Orthodox Jewish beliefs (1)
Rabbi David Pollina (The Sunday Times, July 8) contended that the "designation" of Scripture is exclusively reserved for Tanakh (Old Testament) whereas what Christians call the "New Testament" is not Scripture. So, according to him, revenge, vengeance,...
Rabbi David Pollina (The Sunday Times, July 8) contended that the "designation" of Scripture is exclusively reserved for Tanakh (Old Testament) whereas what Christians call the "New Testament" is not Scripture.
So, according to him, revenge, vengeance, killings and destruction, for instance, exemplified in Samuel 1.27: 9, 11 and Num 31: 2, 7, 17 pass for Scripture but certainly not Luke 6: 20-26 (the Sermon on the Mount).
Again, according to the Rabbi, Jesus and Paul were not Christian because they were Jews - meaning that Jews cannot be Christians. Moreover, "the man from Nazareth", Jesus or, to give Him the Hebrew name, Y'shua, "never founded a new Church or religion".
I would not be surprised if Rabbi Pollina, after having expressed very clearly his views on Christianity, objects to my choice of very few references to the way Jesus, Christianity and the New Testament are vilified by religious fundamentalists in Israel.
According to the Talmud, the real authority for the Jewish orthodox beliefs, the rabbinical court quite properly condemned Jesus for idolatry and contempt for rabbinical authority - the Romans aren't mentioned.
Gospel accounts are detested and they are not allowed to be quoted even in modern Israeli Jewish schools. Among the orthodox, the name of Jesus, Y'shua, is an acronym-curse for "may his name and memory be wiped out". The revered Maimonides appends a similar curse to the name of Jesus in his attacks on Christianity.
Jews are instructed to burn, publicly if possible, any copy of the New Testament that comes into their hands. This is not only still in force but copies of the New Testament were publicly and ceremonially burnt in Jerusalem under the auspices of Yad Le'akhin, a Jewish religious organisation subsidised by the Israeli Ministry of Religions.
And what about Rabbi Joseph's publicly declared doctrine that Jews, when sufficiently powerful, have a religious obligation to expel all non-Jews from Israel and destroy all Christian churches?

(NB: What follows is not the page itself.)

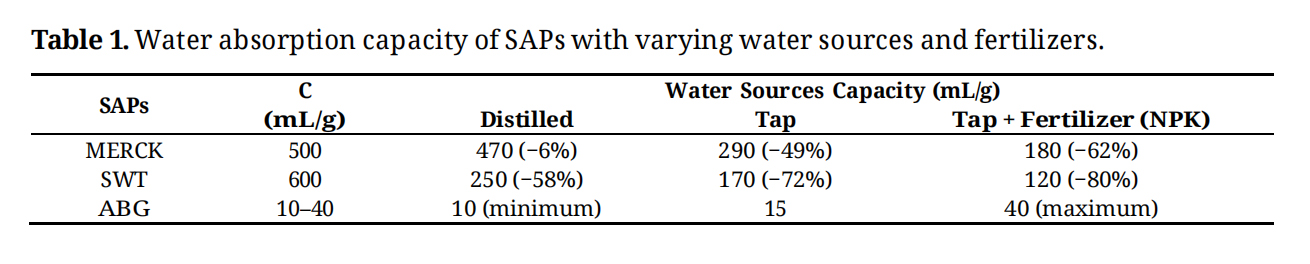 Table 1. Water absorption capacity of SAPs with varying water sources and fertilizers.

This declaration was made before 1996 and, in spite of it, he was often courted openly during the election of that year. Rabbi Joseph thus illustrated the fierce and visible hatred of Christianity and Christians among fundamentalist religious Jews.
Finally, consider also the case that Israeli educational authorities removed the international plus sign from the textbooks of elementary arithmetic used in the first grades of Israeli schools - meaning that the Cross is anathema in Israel.
All this and much, much more can be found in Jewish History, Jewish Religion (1994) by the late Israel Shahak, an Holocaust survivor and former Professor of Organic Chemistry and a renowned human rights activist; and Jewish Fundamentalism in Israel (1999) by Israel Shahak and Norton Mezvinsky (Professor of History at Central Connecticut State University).